Pondering, as Reuben did, upon the repeated warnings of the spinster against any familiarity with the tavern or tavern people, he came in time to reckon the old creaking sign-board of Mr. Boody, and the pump in the inn-yard, as the pivotal points of all the town wickedness, just as the meeting-house was the centre of all the town goodness; and since the great world was very wicked, as he knew from overmuch iteration at home, and since communication with that wicked world was kept up mostly by the stage-coach that stopped every noon at the tavern-door, it seemed to him that relays of wickedness must flow into the tavern and town daily upon that old swaying stage-coach, just as relays of goodness might come to the meeting-house on some old lumbering chaise of a neighboring parson, who once a month, perhaps, would "exchange" with the Doctor. And it confirmed in Reuben's mind a good deal that was taught him about natural depravity, when he found himself looking out with very much more eagerness for the rumbling coach, that kept up a daily wicked activity about the tavern, than he did for Parson Hobson, who snuffled in his reading, and who drove an old, thin-tailed sorrel mare, with lopped ears and lank jaws, that made passes at himself and Phil, if they teased her, as they always did.
So, too, he came to regard, in virtue of misplaced home instruction, the monkey-jacket of Nat Boody, and his fighting-dog "Scamp," and the pink arms and pink cheeks and brown ringlets of Suke Boody, as so many types of human wickedness; and, by parity of reasoning, he came to look upon the two flat curls on either temple of his Aunt Eliza, and her pragmatic way, and upon the yellow ribbons within the scoop-hat of Almira Tourtelot, who sang treble and never went to the tavern, as the types of goodness. What wonder, if he swayed more and more toward the broad and easy path that lay around the tavern-pump, ("Scamp" lying there biting at the flies,) and toward the barroom, with its flaming pictures of some past menagerie-show, and big tumblers with lemons atop, rather than to the strait and narrow path in which his Aunt Eliza and Miss Almira would guide him with sharp voices, thin faces, and decoy of dyspeptic doughnuts?
Phil and he sauntering by one day, Phil says,—
"Darst you go in, Reub?"
Phil was under no law of prohibition.
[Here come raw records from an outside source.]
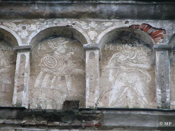nezreštaurovaná sgrafotová výzdoba s figurálnym ornamentom |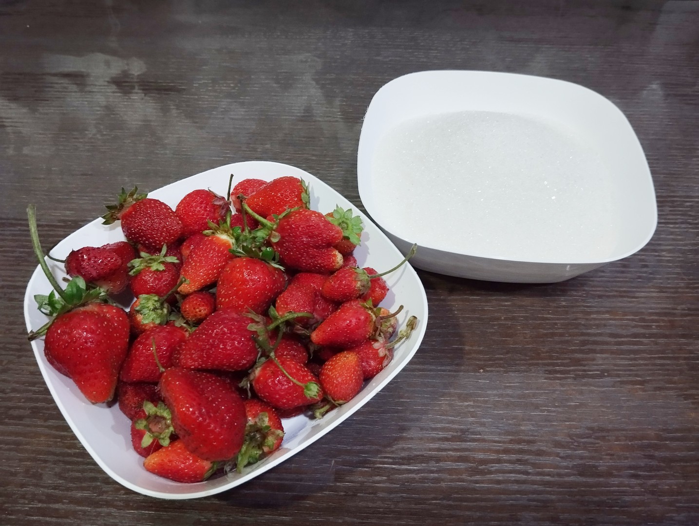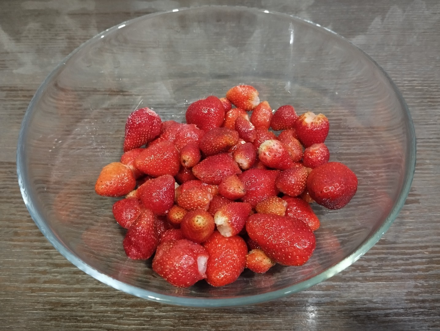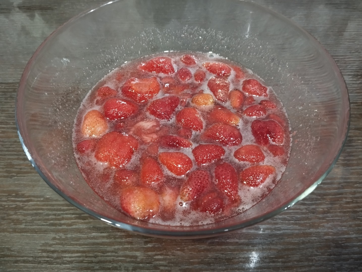 Очистите клубнику от плодоножек и листиков. На дно чаши насыпьте немного сахара и выкладывайте ягоды, пересыпая их сахаром. Немного сахара (примерно 150 грамм) отложите. Он нам понадобится чуть позже. Оставьте ягоды постоять на несколько часов, чтобы они пустили сок. Немного их перемешивайте, чтобы сахар растворялся в сиропе.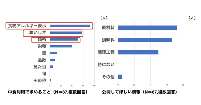 中食に求めることを尋ねたところ、「食物アレルギー表示」と回答した人がもっとも多く、次に「おいしさ」と「価格」が続きました。店に公開してほしい情報としては「原材料」「調味料」「調理工程」を挙げる人が多く、さらに原材料については「そのアレルゲンがどの具材に含まれているのかを具体的に知りたいので、弁当や定食では惣菜ごとにアレルギー表示をしてほしい」という声がありました。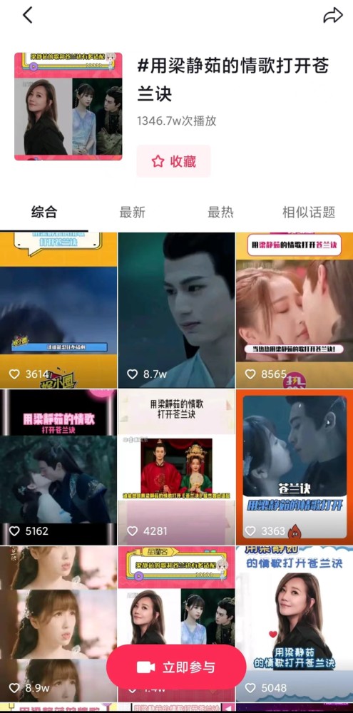 #用梁静茹的情歌打开苍兰诀 形成了病毒传播攻势,不仅在站内走红,还“出圈”到微博、B站等平台,甚至成为影视宣发的话题抓手;
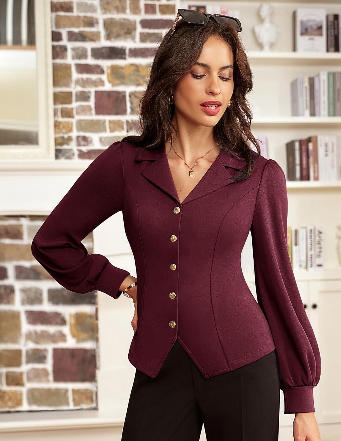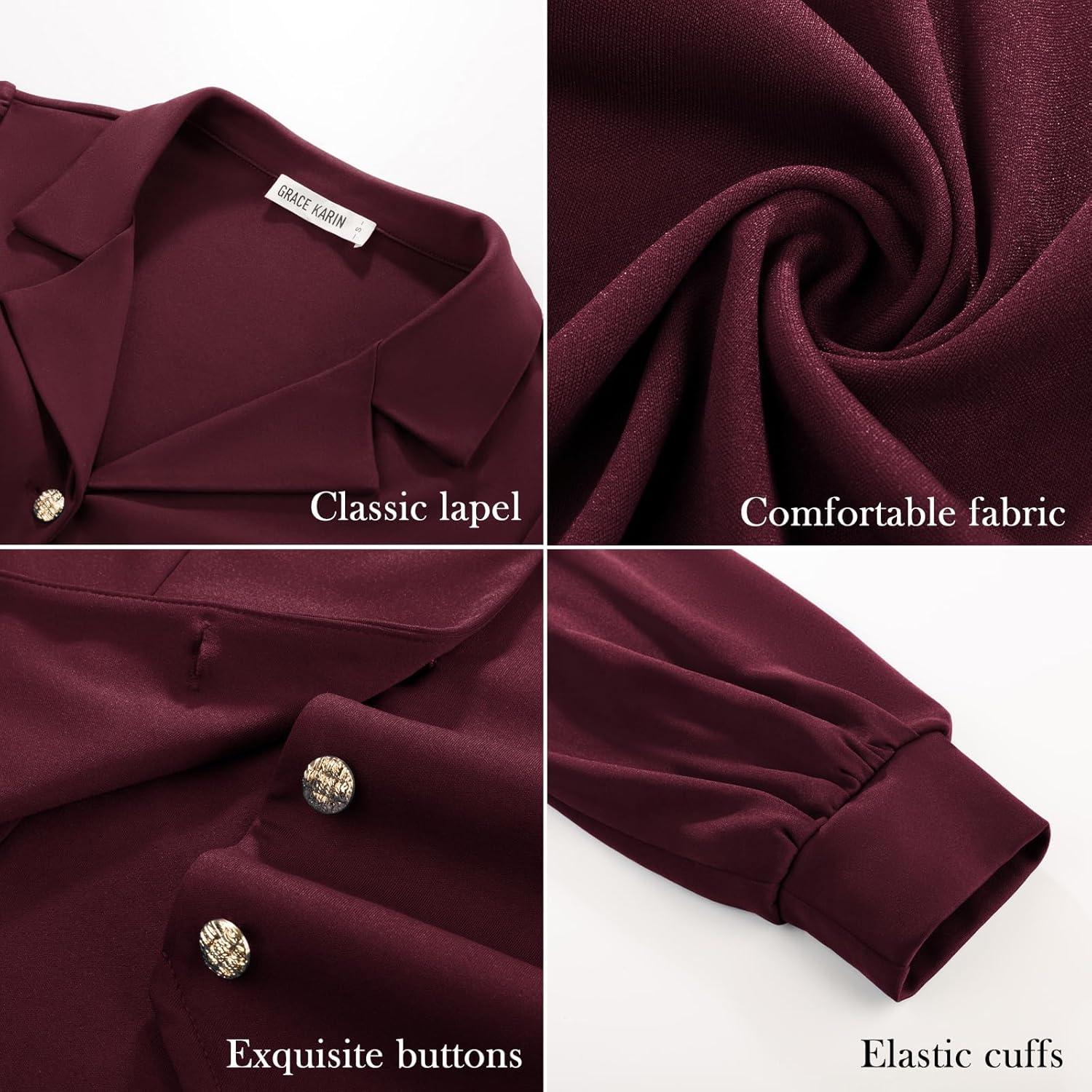 GRACE KARIN 2025 Women Fall Work Office Blouses,Long Sleeve Trendy Work Tops,V Neck Button Down Slim Shirts(Wine Red)

And Reuben, glancing around the Common, says,—
"Yes, I'll go."
"Then," says Phil, "we'll call for a glass of lemonade. Fellows 'most always order somethin', when they go in."
So Phil, swelling with his ten years, and tall of his age, walks to the bar and calls for two tumblers of lemonade, which Old Boody stirs with an appetizing rattle of the toddy-stick,—dropping, meantime, a query or two about the Squire, and a look askance at the parson's boy, who is trying very hard to wear an air as if he, too, were ten, and knew the ropes.
"It's good, a'n't it?" says Phil, putting down his money, of which he always had a good stock.
"Prime!" says Reuben, with a smack of the lips.
And then Suke comes in, hunting over the room for last week's "Courant"; and the boys, with furtive glances at those pink cheeks and brown ringlets, go down, the steps.
"A'n't she handsome?" says Phil.
Reuben is on the growth. And when he eats dinner that day, with the grave Doctor carving the rib-roast and the prim aunt ladling out the sauces, he is elated with the vague, but not unpleasant consciousness, that he is beginning to be familiar with the world.